◆ Records for the exercise
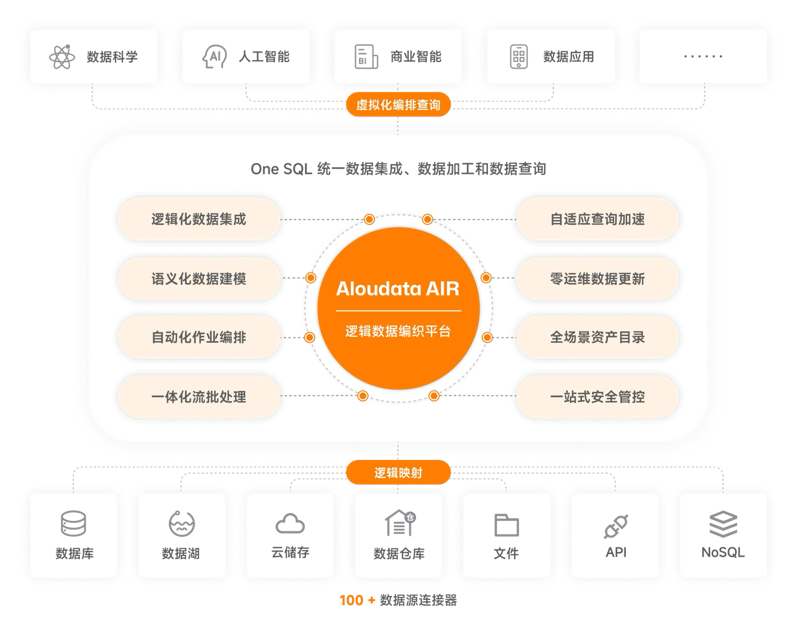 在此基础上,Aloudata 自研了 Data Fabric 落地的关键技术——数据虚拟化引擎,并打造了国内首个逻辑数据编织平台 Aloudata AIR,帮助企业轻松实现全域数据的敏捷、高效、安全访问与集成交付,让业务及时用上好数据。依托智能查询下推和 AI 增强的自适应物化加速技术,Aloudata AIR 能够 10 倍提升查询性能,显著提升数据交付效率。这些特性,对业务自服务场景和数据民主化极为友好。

...

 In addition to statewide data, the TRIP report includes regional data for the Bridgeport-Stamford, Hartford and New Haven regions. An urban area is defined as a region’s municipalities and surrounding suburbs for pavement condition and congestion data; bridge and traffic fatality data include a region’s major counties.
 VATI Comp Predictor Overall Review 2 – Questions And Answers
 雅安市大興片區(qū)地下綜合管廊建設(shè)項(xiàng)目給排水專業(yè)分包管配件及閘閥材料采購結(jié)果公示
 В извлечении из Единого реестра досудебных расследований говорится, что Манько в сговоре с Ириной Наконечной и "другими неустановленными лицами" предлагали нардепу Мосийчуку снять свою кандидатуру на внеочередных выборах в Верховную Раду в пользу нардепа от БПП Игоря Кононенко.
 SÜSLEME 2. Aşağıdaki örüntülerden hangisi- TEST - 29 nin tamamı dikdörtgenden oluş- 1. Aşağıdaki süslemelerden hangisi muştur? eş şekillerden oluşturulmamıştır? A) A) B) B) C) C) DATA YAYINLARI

...

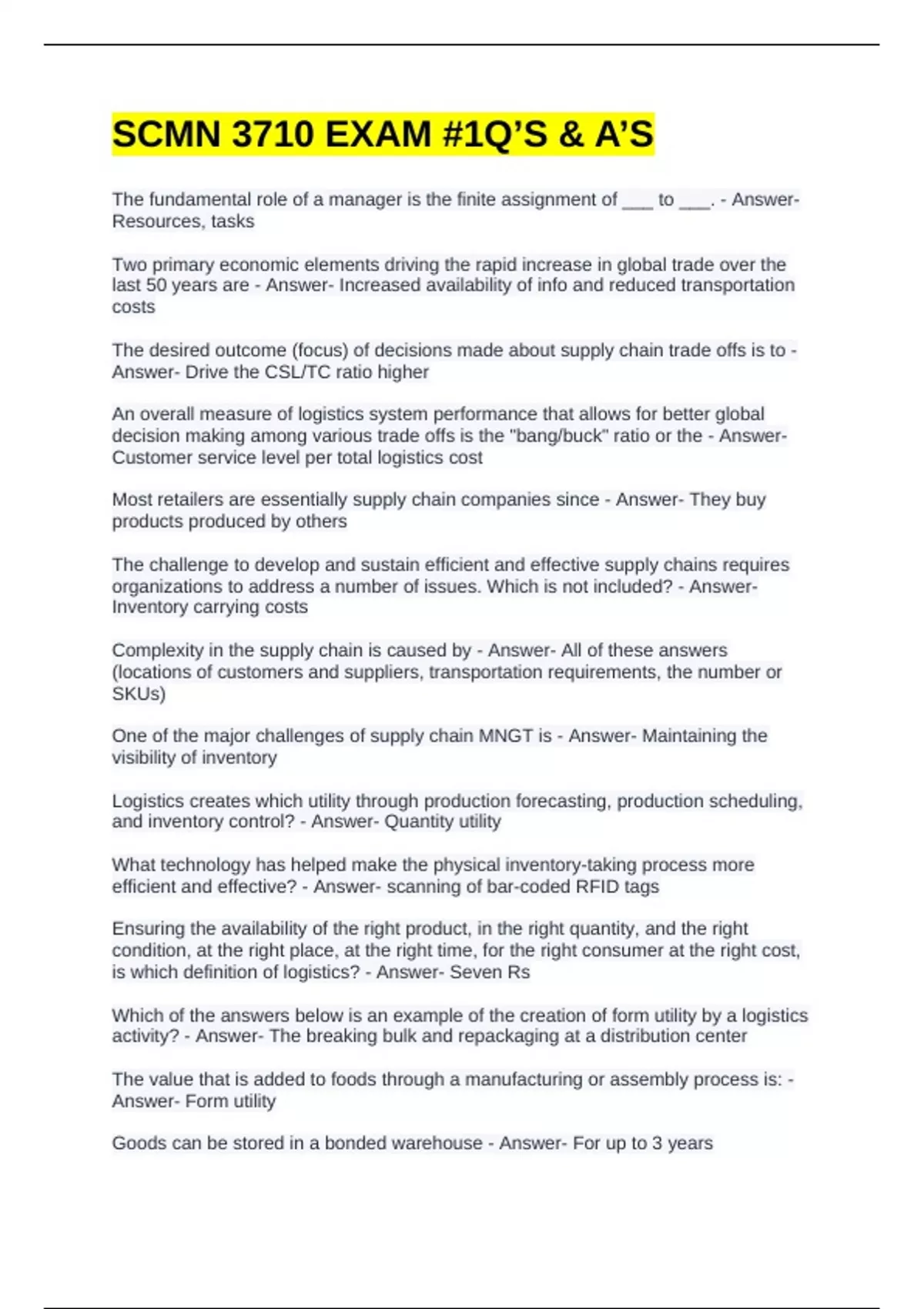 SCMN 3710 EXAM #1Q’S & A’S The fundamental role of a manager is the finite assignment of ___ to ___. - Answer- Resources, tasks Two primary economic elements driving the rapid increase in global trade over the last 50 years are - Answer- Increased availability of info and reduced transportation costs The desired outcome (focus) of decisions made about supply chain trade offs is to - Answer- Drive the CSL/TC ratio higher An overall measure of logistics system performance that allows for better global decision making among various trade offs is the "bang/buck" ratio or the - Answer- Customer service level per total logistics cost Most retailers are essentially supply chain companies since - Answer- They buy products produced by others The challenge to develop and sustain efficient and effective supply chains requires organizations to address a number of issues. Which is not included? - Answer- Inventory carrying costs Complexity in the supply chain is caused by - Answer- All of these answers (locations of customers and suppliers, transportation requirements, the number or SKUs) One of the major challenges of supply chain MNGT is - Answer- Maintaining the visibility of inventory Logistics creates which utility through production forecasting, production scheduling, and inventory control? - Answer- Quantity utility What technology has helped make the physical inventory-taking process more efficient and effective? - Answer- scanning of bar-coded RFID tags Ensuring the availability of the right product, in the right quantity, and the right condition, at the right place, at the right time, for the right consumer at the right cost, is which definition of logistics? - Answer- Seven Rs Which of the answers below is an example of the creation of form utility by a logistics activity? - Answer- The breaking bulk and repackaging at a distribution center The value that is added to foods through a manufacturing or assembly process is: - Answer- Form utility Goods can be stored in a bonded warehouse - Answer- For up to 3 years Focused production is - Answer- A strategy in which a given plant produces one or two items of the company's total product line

◆ Exercise instructions
Beginning with the line that has "In addition to" and ending with the line that has "В извлечении из", set down the lines above exactly and include no others.

◆ Task response
 In addition to statewide data, the TRIP report includes regional data for the Bridgeport-Stamford, Hartford and New Haven regions. An urban area is defined as a region’s municipalities and surrounding suburbs for pavement condition and congestion data; bridge and traffic fatality data include a region’s major counties.
 VATI Comp Predictor Overall Review 2 – Questions And Answers
 雅安市大興片區(qū)地下綜合管廊建設(shè)項(xiàng)目給排水專業(yè)分包管配件及閘閥材料采購結(jié)果公示
 В извлечении из Единого реестра досудебных расследований говорится, что Манько в сговоре с Ириной Наконечной и "другими неустановленными лицами" предлагали нардепу Мосийчуку снять свою кандидатуру на внеочередных выборах в Верховную Раду в пользу нардепа от БПП Игоря Кононенко.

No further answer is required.